We spent last Monday back in our 3rd favourite European city (after Nijmegen and London of course!) :-) With airfares SO cheap and perfect flight times for spending the whole day away, we couldn't resist going back to Berlin.
This time we spent a couple of hours being guided around the old Stasi prison - what a creepy, disturbing but yet somehow fascinating place! Our tour guide spent 2 1/2 years locked up there, but with his commentary all in German I couldn't really make out anything of what he was saying! Lucky some of the information boards were in English, and with Jeroen translating every now and then I got the picture. Originally set up as a Soviet internment camp at the end of WWII it was taken over in the 1950s by the Stasi and was used as its main remand prison up until 1990!

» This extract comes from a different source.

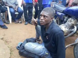 A 29-years-old boy whose name was given as Kenneth has been caught with two human heads inside a bag, the two human head is said to be that of his mother and father which he allegedly killed for money ritual purposes.
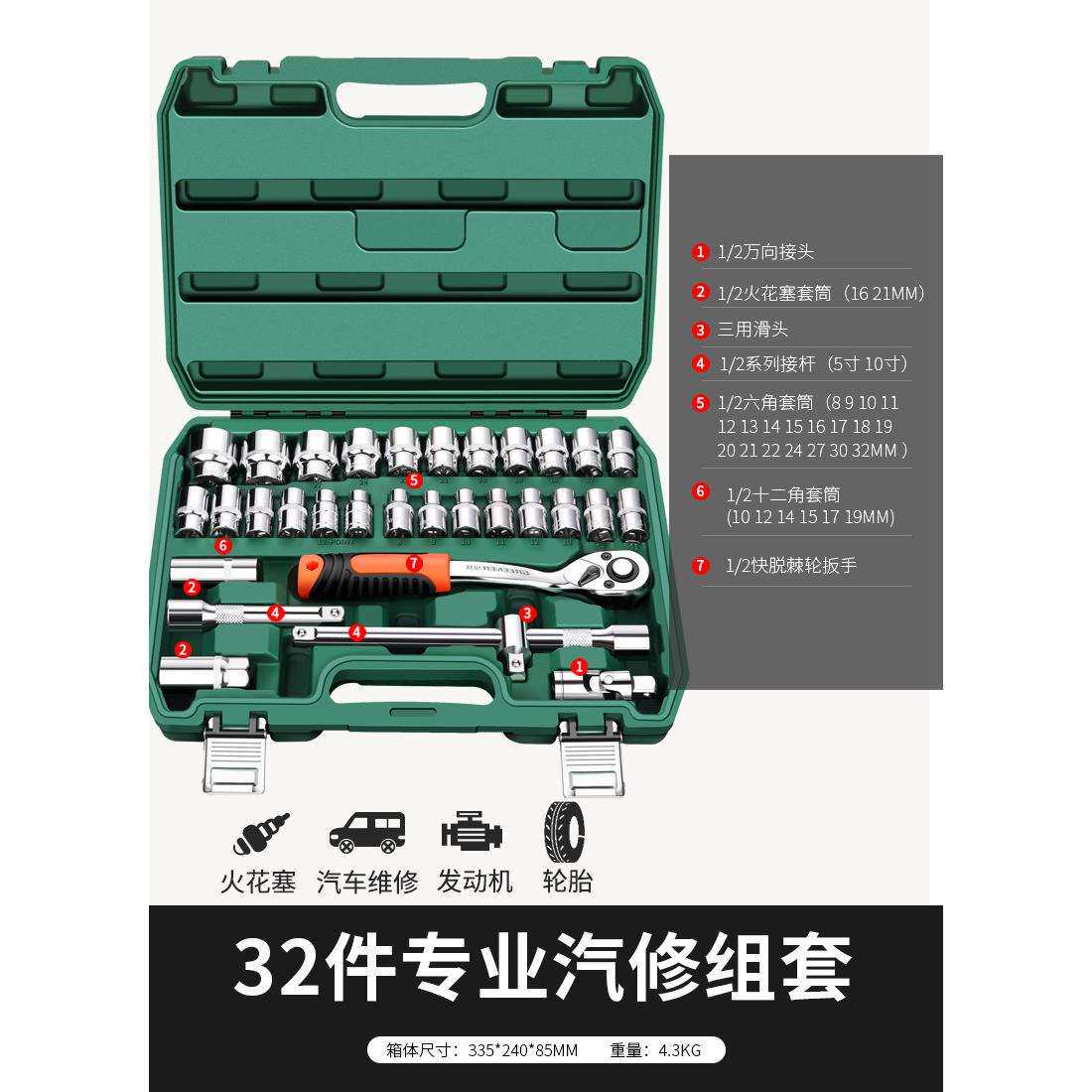 绿林37件套筒扳手工具套装大全汽修工具大全汽车维修修理汽保

At times with up to 4,200 inmates crammed into the complex, living conditions were needless to say, horrendous. Food rations were totally insufficient, blankets were scarce (and in an unheated concrete building the winters bloody cold!), and prisoners were often tortured in the most bizarre ways. We saw various cells converted into "water cells" - with prisoners forced to stand for hours knee deep in almost boiling water; we saw lower than normal doorframes in which tall prisoners were forced to stand hunched over for hours on end; and we saw tiny bunker like cells with no windows. It is estimated that more than 3,000 detainees actually died in the prison.
And while wandering around we ran into a couple of Danish tourists, one of whom was wearing a sweater with the website : www.nijmegen.dk Turns out he was a member of a Danish team who participate every year in the Njmegen 4daagse !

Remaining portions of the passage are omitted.